Dilatarbelakangi tekanan ekonomi
Sosiolog Universitas Indonesia (UI) Ida Ruwaida mengatakan, kepercayaan masyarakat kepada dukun pengganda uang ini salah satunya dilatarbelakangi oleh tekanan ekonomi.
“Isu kesejahteraan, khususnya ekonomi, masih menjadi persoalan. Sebab utama tidak terlepas dari tuntutan pemenuhan berbagai kebutuhan, termasuk harapan atau mimpi menjadi orang kaya,” kata Ida kepada Kompas.com, Rabu (5/4/2023).
Selain ekonomi, isu kesejahteraan ini juga ditujukan untuk mendapat pengakuan dari lingkungan sebagai orang kaya.
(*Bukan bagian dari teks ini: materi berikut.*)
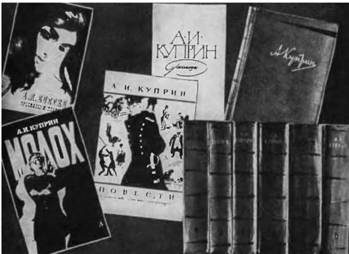
Книги А. И. Куприна, изданные в последние годы.
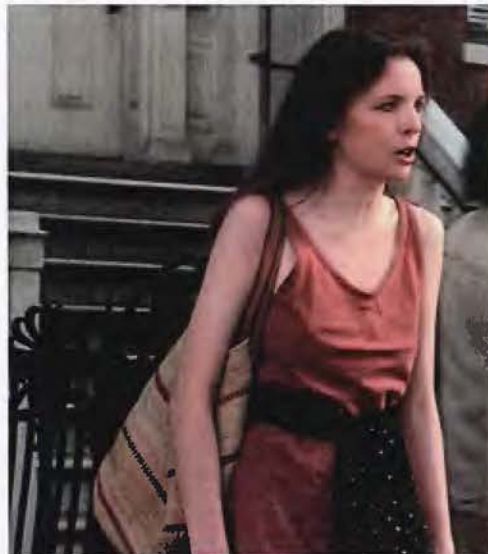
Imagen 6 Diane Keaton en Annie Hall de Woody Allen. 1979

Dicho filme y el icónico "look" de Diane Keaton, en la película Annie Hall , de Woody Allen sirven como inspiración principal para el vestuario y el estilo de Gloria.
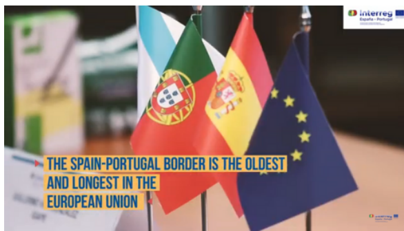
POCTEP 2014-2020 video (English).

- CERVEIRA-TOMIÑO & CHAVES-VERIN EUROCITIES, TECNOLIVO, NAPOCTEP, INTREPIDA, DISCOVER DUERO/DOURO, RDC LA 2020, ACUAENERGY, -
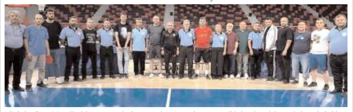
Babalar Günü Masa Tenisi turnuvasında dereceye giren sporcular ve görevli hakemler ödül töreninde toplu halde

Final maçının ardından düzenlenen törenle dereceye girenlere ödülleri İl Temsilcisi ve İl Hakemler Kurulu üyeleri tarafından verildi.
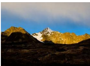
Camp Cololo (4680m alt.) 📍 - ⌚ 2h Camp de base Huanacuni (5020m alt.) 📍
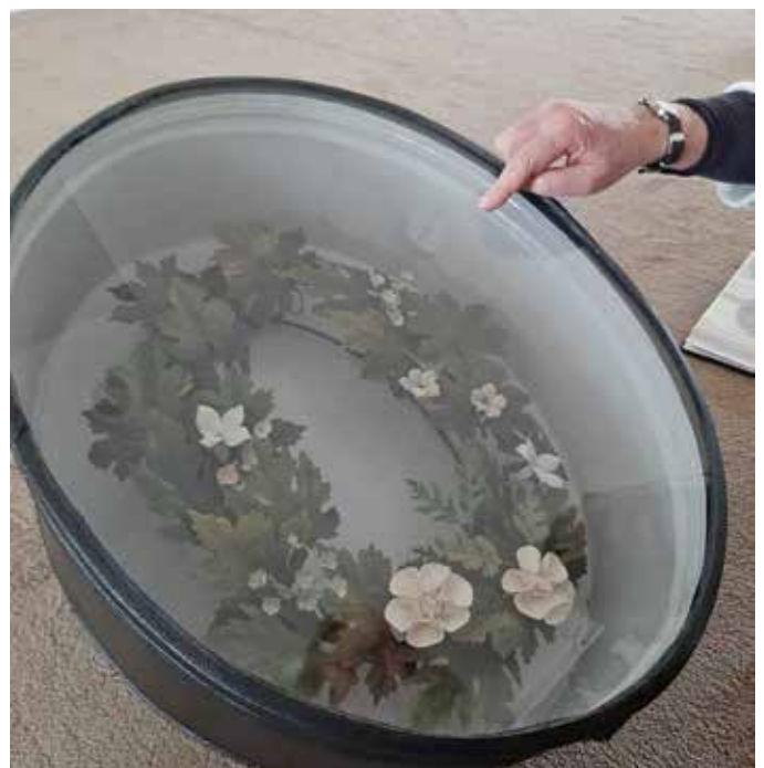
De trommel in 2020, gerestaureerd door medewerkers van het graftrommelatelier in Veenhuizen.
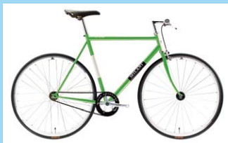
VIA TORTONA 販売価格 167,000円
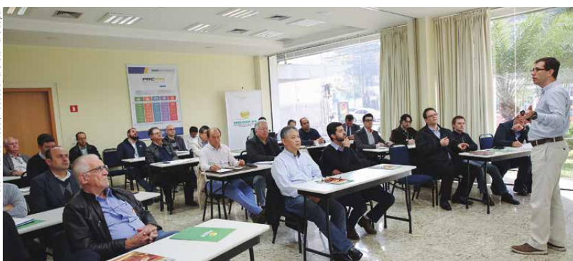
Evento teve a participação de representantes de cooperativas dos ramos agropecuário e infraestrutura e especialistas de mercado
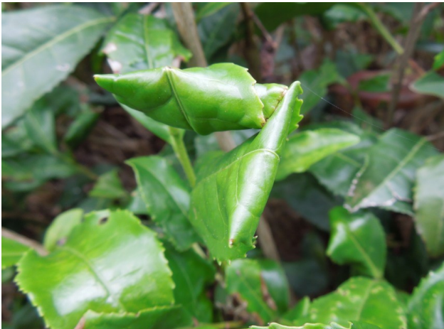
図3 巻葉被害の様子
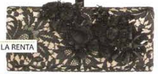
ÓSCAR DE LA RENTA
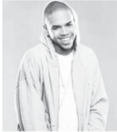
ရသည်။ သူ၏အပြုအမူသည် အားလုံးအတွက် ဝေဖန်စရာ ဖြစ်ခဲ့သည်။

ထိုအခါ ရုပ်ရှင်မင်းသားအဆိုတော်သည် အမေရိကန်တွင် ရဲများက အသားအရောင်ခွဲခြားကာ ဖိနှိပ်မှုများကို ဆန့်ကျင်သည့်အနေဖြင့် NFL ပလေယာကောလင်းကေးပါနစ်စတွင်ချိန်တွင် ငြိမ်သက်စွာနေခဲ့သည်။ 'တန်' က အကြမ်းဖက်တိုက်ခိုက်မှုကြောင့် သေဆုံးခဲ့ရသော လူ ၃၀၀၀ကျော်အတွက် ရပ်တည်ပြီး ဂုဏ်ပြုပေးကြရန် တိုက်တွန်းပြောကြားနေချိန်တွင် ခရစ်ဘာရောင်းသည် သူ၏ သူငယ်ချင်းများနှင့်အတူ ထိုင်နေသည်ကို တွေ့ခဲ့

Menurutnya, aspek terakhir tersebut biasanya berkaitan dengan sumber kekuasaan, baik posisi tawar maupun relasi kuasanya.
Kondisi ini kemudian didukung dengan keyakinan masyarakat akan hal-hal mistis, sehingga mendasari untuk berperilaku irasional.
Ia menuturkan, korban mungkin sudah mengetahui bahwa cara yang dilakukannya itu salah.
Akan tetapi, hal itu tertutupi dengan iming-iming janji uang yang bisa berlipat ganda tanpa kerja keras.
Modernisasi tanggung
Pemakaman korban pembunuhan dukun pengganda uang di Desa Balun, Kecamatan Wanyasa, Banjarnegara, Jawa Tengah, Selasa (4/4/2023) sore. (KOMPAS.com/FADLAN MUKHTAR ZAIN) Sementara itu, sosiolog Universitas Negeri Sebelas Maret (UNS) Surakarta Drajat Tri Kartono menilai, kepercayaan akan dukun pengganda uang ini merupakan dampak dari modernisasi di Indonesia yang tidak radikal.
Meski semangat modernisasi dengan memompa rasionalitas terus berlangsung di bangku sekolah, tetapi masih ada tradisi-tradisi yang memang sengaja tidak dihentikan.
“Jadi konsepsi orang pintar di kita itu menjadi dua, pintar cerdas karena berilmu rasionalitas dan logika, kemudian orang ‘pintar’ yang dianggap mampu mengerti dunia-dunia yang tidak kasat mata,” kata Drajat saat dihubungi secara terpisah, Rabu.
Menariknya, dalam dunia orang ‘pintar’ atau perdukunan, ada banyak spesialisasi, seperti untuk ekonomi dengan cara pesugihan dan menggandakan uang.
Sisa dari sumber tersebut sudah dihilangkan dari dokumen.